I recently came upon the book Rainforest Home Remedies which has a small section on what is called "spiritual illnesses," and susto is included thereamongst. In it, it includes (naturally!) a home remedy for even severe susto. It is summed up as follows:
*Begin with buying some copal incense, and be sure to burn this daily and especially during the performance of all subsequent steps.
*Start with a series of 9 healing prayers said in a row, and repeat these 9 prayers over multiple days -- 3 days at least. The prayer should be said thrice while holding the pulse of the right wrist, thrice holding the pulse of the left wrist, and thrice holding both hands over the head. Really any healing prayer can be used, I should think, as long as it's sincere, but author Arvigo offers the following suggestion, which can be used for yourself or for a person you are assisting: "In the name of God the father, God the son and God the holy spirit, I am the one who prays for susto. I ask God to help me, and I ask for the nine Maya spirits to help me too. I say these prayers nine times to release this susto from the flesh of ______. I have faith with all my heart that this prayer, these herbs, baths and incense, will cure the susto of ______. In the name of God the father, God the son and God the holy spirit." (NOTE: The Apostle's Creed is also another traditional prayer for the cure of susto.)
*Gather some rue, basil and marigold, and use these to make an herbal bath. Take the bath "twice weekly" is as it's put -- in other words every 3 days.
Proceed in this until you feel completely cured -- how long this will take can vary depending on severity of the case and could even require years of work in some cases.
I quite recommend the Rainforest Home Remedies book if you have any more interest in South American folk medicine or in spiritual illnesses and treatment (though be warned -- rue, basil and marigold bath seems to be the recommended cure for just about every spiritual ailment there is.)
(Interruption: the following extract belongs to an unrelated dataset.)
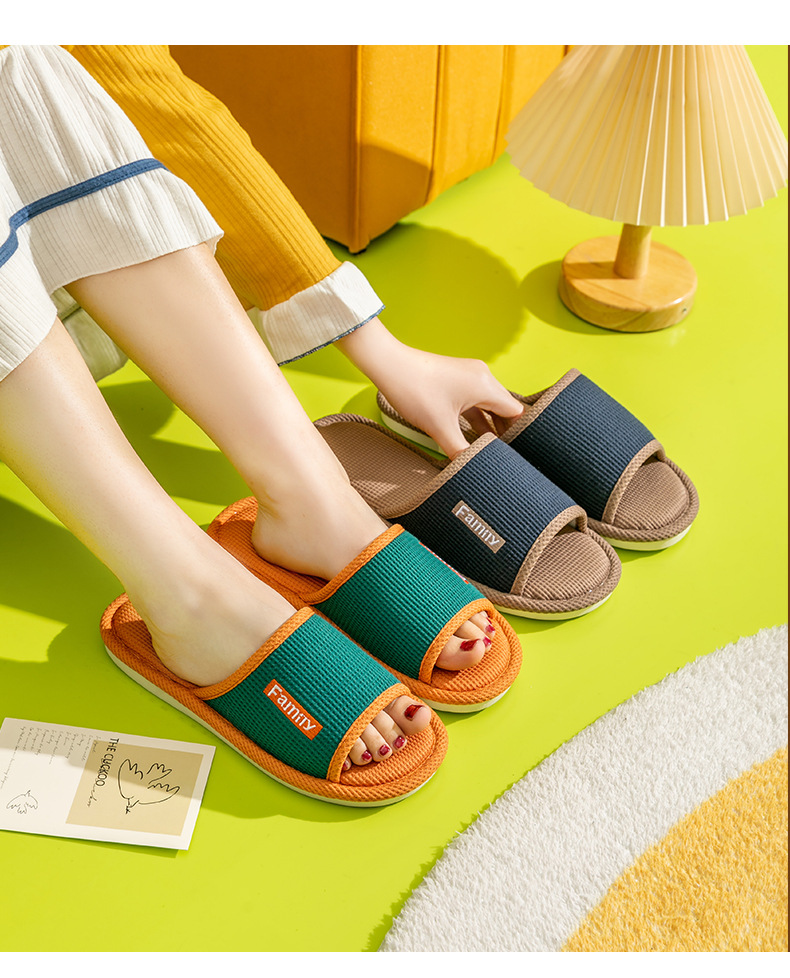 リネンスリッパ男女春と秋の家庭用滑り止めソフト底室内家庭用吸汗静音四季床夏卸売り

Another remedy I've used for susto and other stresses which I can recommend is New Life incense burned about the room, along with Peace Water or 7 Holy Waters mixture applied to the body. New Life is a formula particularly used for unhappy pasts that need to be let go of -- Cut and Clear is another similar formula. (Recipes for both variants are available in The Conjure Cookbook.) 7 Holy Waters is a nice recipe I got from the ever useful Lucky Mojo site, and I prefer it for applications to the body over many other variants -- it's not oily like Peace Water and it has alcohol to disinfect and preserve it (some folks might live near cleaner rivers than I do, but my local source is a semi-stagnant, muddy mess which ever stinks of storm drain and hobo piss -- so I'm glad for the whiskey and cologne in the mix.)
Susto is a miserable condition, but studies find that awareness of it is key to being able to cure it. Hopefully if you find yourself in such a state, some of this will be useful to you.